Friday night at 9PM is Poetry at Mari’s Wine Bar, this month featuring poet Rick Smith, who long worked in Downey at Rancho Los Amigos Hospital.
The first kiss,
two wrens on fire,
blind with smoke and heat
storming out of the underbrush
into a trembling
well above the starving dogs
fast food chains,
the quick fixes below.
This flame will lick the wound
This flame will light up like this.
This flame will consume. from Hard Landings
Lorine Parks is curating the evening, which will begin with an open mic for the first 10 sign-ups. She describes how she came to know Rick.
“I first met Rick Smith thirty years ago when he was playing harmonica and piano in a band and composing such songs as “If it wasn’t for low class, we wouldn’t have no class at all.” Paris and Pennsylvania bred, he told me my Stonewood Travel business’s Music in Hold was crummy music, and proceeded to record a new tape for me. We have been friends and exchanging poems and critiques ever since.
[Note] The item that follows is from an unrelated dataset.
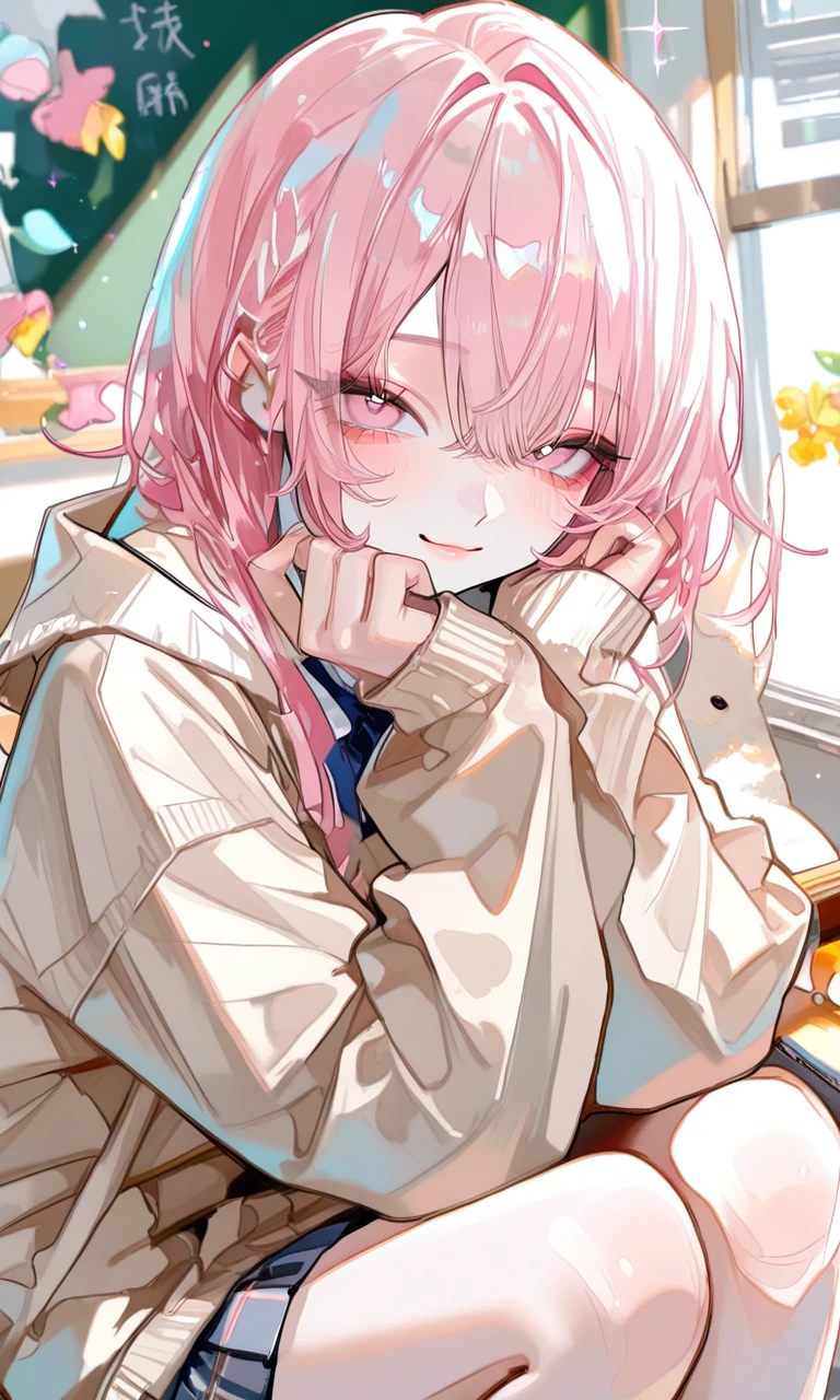 教室に入ってきたももが、あなたを見つけた瞬間、ぱっと表情が明るくなる。

“Smith’s first chapbook was The Wren Notebook, one of Raindog’s Little Red Book Series. In it, his protagonist Wren decides to win the title of Highest Flying Bird by hitching a ride tucked under Eagle. When Wren pops up, at twelve thousand feet and then flies a few feet higher, he almost freezes to death on re-entry. Further, Eagle and the rest of the birds chase him to have their revenge.. . “I held the note/long and rich as I could./ So what if it’s the only note I know?/ It’s my note.”
“All of Smith’s poems have a wry humor but they also have an intensely personal voice. He has an intimate quality to his work and a dead-flat realistic approach to what’s happening. Murder and revenge and a Buick LeSabre from Phoenix have equal place with delicate birds nesting in ruined upholstery in an abandoned mansion on an estate near Philadelphia.”
Smith has a PhD in psychology and worked in Downey at Rancho Los Amigo as a psychologist therapist for head-injured patients. He later established a rehab center in Apple Valley called Back in the Saddle for brain injuries. Read him at your peril. An old wren with one good eye, six feet four inches tall, “measuring out time by that splendid chaos, commotion.”